Between $750 and $1500. IMO, it is worth the $1500 for collecting and a casual rides. But I also look at bikes as art and this is a great example of this period Moser. At $750 it would be a great bargan. You could not assemble this bike today without going over $1500 or more. And, in this condition, it would most likely cost more.


----------



## Cinelli 82220 (Dec 2, 2010)

Must be a repaint if it's 1986, I thought Moser stopped using his picture on the headtube long before that. Odd mix of nice panto chainring and low level crank, SR front derailleur and odd rear derailleur. From what they go for on the Bay I'd say <1000.

Moser brand recognition is not very high, but I like those blue ones. Especially with the silkscreened downtube logo.


----------



## zmudshark (Jan 28, 2007)

I'd say older, too. Note the portacatena dropout. Looks like Gipiemme crank.


----------



## merckxman (Jan 23, 2002)

I think Cinelli 82220 hit it on the head. Looks like a re-paint (did they also forget the decals ont he down tube?). And in the scheme of things Moser bikes are just not that highly thought of (even they they may be fine bikes).


----------



## dot (Mar 4, 2004)

thanks a lot.
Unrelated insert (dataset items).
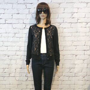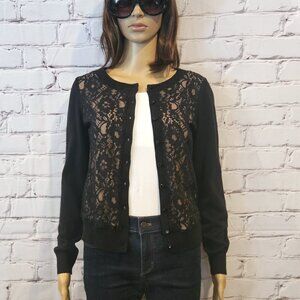 BANANA REPUBLIC black knit wool blend cardigan with front lace detailing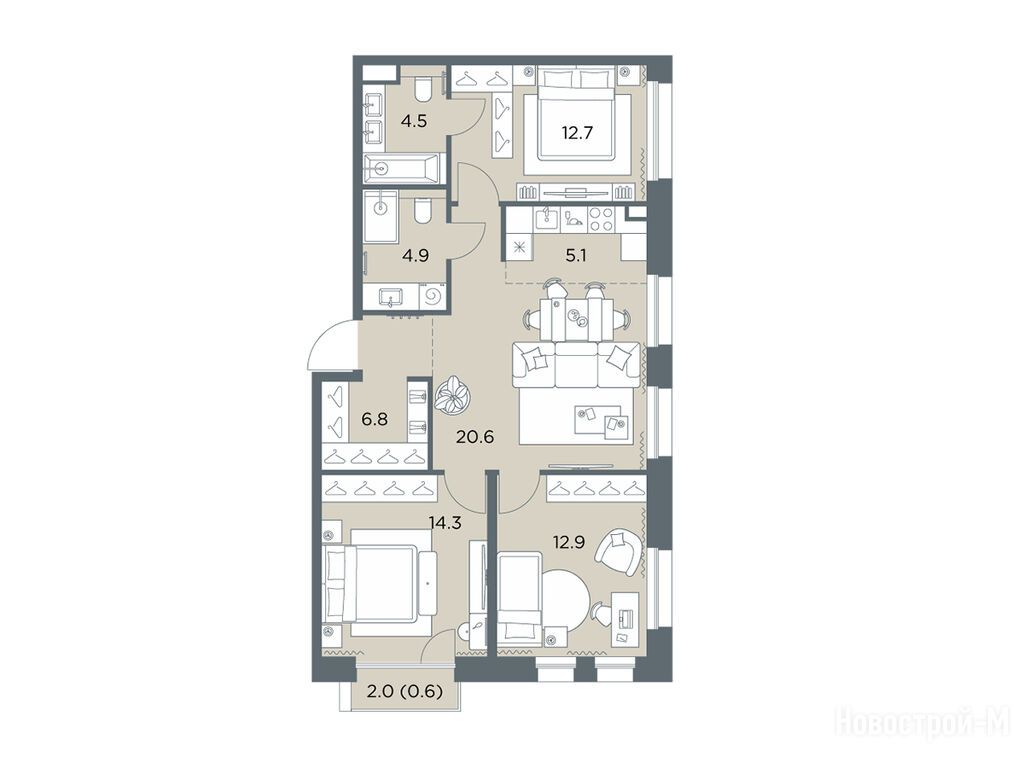 Тут шикарные квартиры - от студий до пятикомнатных пентхаусов, площадь от 28 до 103 кв. м. Во всех квартирах увеличенная площадь остекления, большие кухни, просторные гостиные и продуманные гардеробные. Есть варианты с мастер-спальнями, угловыми окнами и постирочными, а еще квартиры со вторым светом, каминными залами, личными террасами, патио, зимними садами, тремя спальнями и дополнительными санузлами.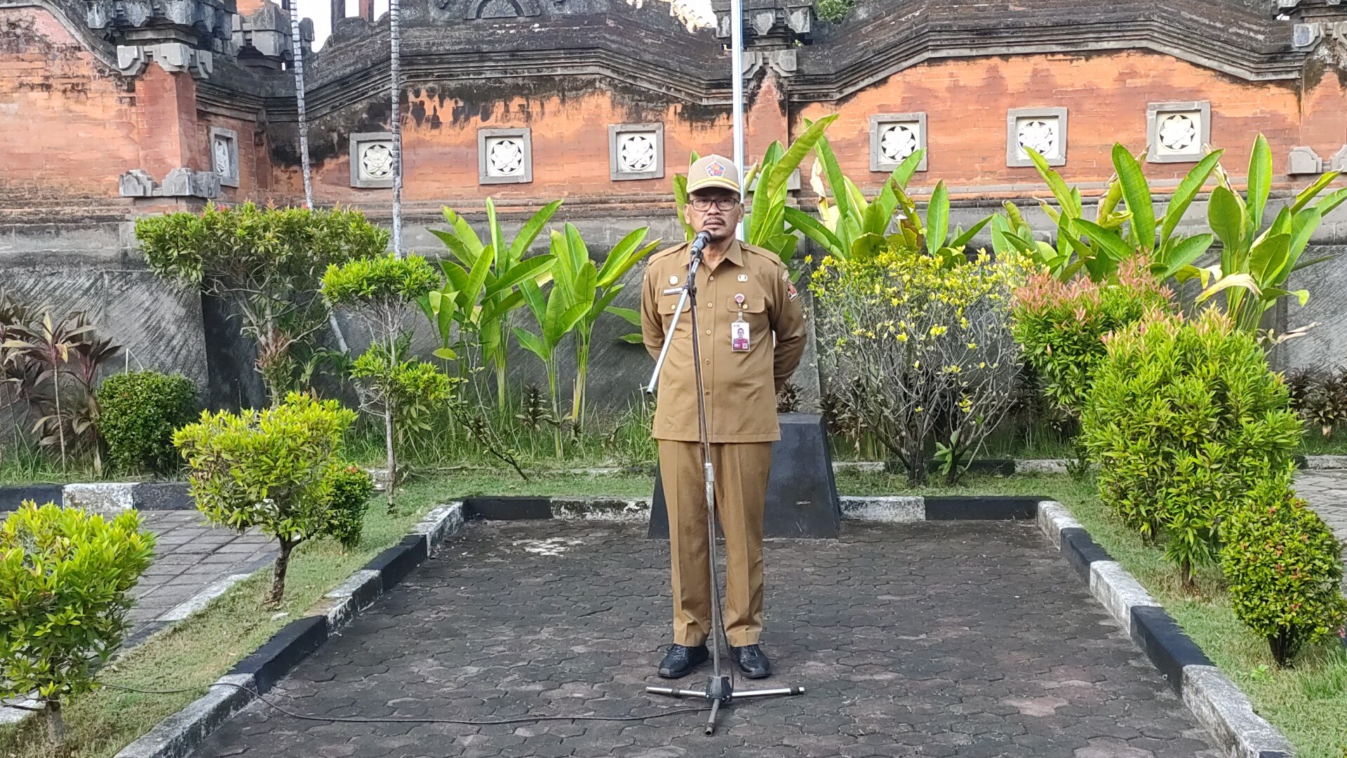 Putu Kariaman Putra menyampaikan pertama terima kasih kepada seluruh pegawai yang telah hadir mengikuti apel pagi sebagai bentuk wujud disiplin pegawai, kedua perkuat bagaimana kita melililki SDM yang tangguh, dengan mampu membuktikan diri bahwa kita bisa melalui program inovasi baru Dinsos Bisa, ketiga tingkatkan kekompakan, kebersamaan dan tanggungjawab dalam bekerja agar nantinya dalam penilaian ombusman dapat berjalan optimal, keempat sebagai SDM Dinsos kita harus menghindari yang namanya narkoba, pinjaman online dan judi online agar tidak merusak citra kita sebagai pegawai ASN, kelima selamat bertugas kepada kepala UPTD Monument Monument Tri Yudha Sakti, Optimalkan pelayanan pada Monument-monument perjuangan terkait promosi monument dan yang terakhir sebagai pegawai jika suatu saat dibutuhkan kehadirannya saat jam-jam emergency untuk bertugas diluar hari kerja harus selalu siap dan sigap.

If I get more funds  I'll try to drive the price down.


----------



## onespeedbiker (May 28, 2007)

Definitely a hodgepodge of components, mainly Nuovo Gran Sport; rear derailleur, crankset (sans big CR), and brakes. SNR front derailleur (4 hole, only produced in one year; 1978). The big chaining is off the pantograph (FM=Francisco Moser) Gipemme Crono Special and the seatpost is most likely a Gipemme also. The base model/frame appears to be a repainted Modolo Gran Sport. or Amatori. I'm not sure of the year (Campy ended the Nuovo Gran Sport line in 1985), but these are catalog photos from I believe 1978 (which happens to be the date of front derailleur). Est worth? I'd say $600-$800.


----------



## ingevdabeele (May 3, 2012)

*Need to determine value of Moser road bike*

I also have a F Moser bike and would need some help determining the value. Would you be able to do that for me? I have some pictures in attachment to this message ...


----------



## JAG410 (Oct 28, 2008)

$250 on a good day for that one. Biopace, poorly kept, beat up. Unless that's some magical frameset that I'm unaware of, it's not impressive and won't command the value that the older ones do.


----------



## jhamlin38 (Oct 29, 2005)

My first roadbike is a world hour record edition Moser, bought new in 1987, that my uncle helped me purchase, which had a profound effect on my life. I retold the story of the purchase of the Moser at my uncles memorial in November. Although it may sound simple, to talk of a bicycle when remeniscing about a lovedone that recently passed away. It really hit home for the folks in attendance, and helped characterize a wonderful, interesting and incredibly intelligent loving person. 
Whenever I see a Moser, its often in a conversatIon about value. 
I cannot value one enough and wish I would have collected them for the past 25 years. Everytime I ride, purchase gear, talk about the Giro or Tour, I think of Uncle Sonny and my Moser. Always lovely bikes.
In case you were wondering, 51.151kph.


----------



## Reynolds531 (Nov 8, 2002)

jhamlin38 said:


> My first roadbike is a world hour record edition Moser, bought new in 1987, that my uncle helped me purchase, which had a profound effect on my life. .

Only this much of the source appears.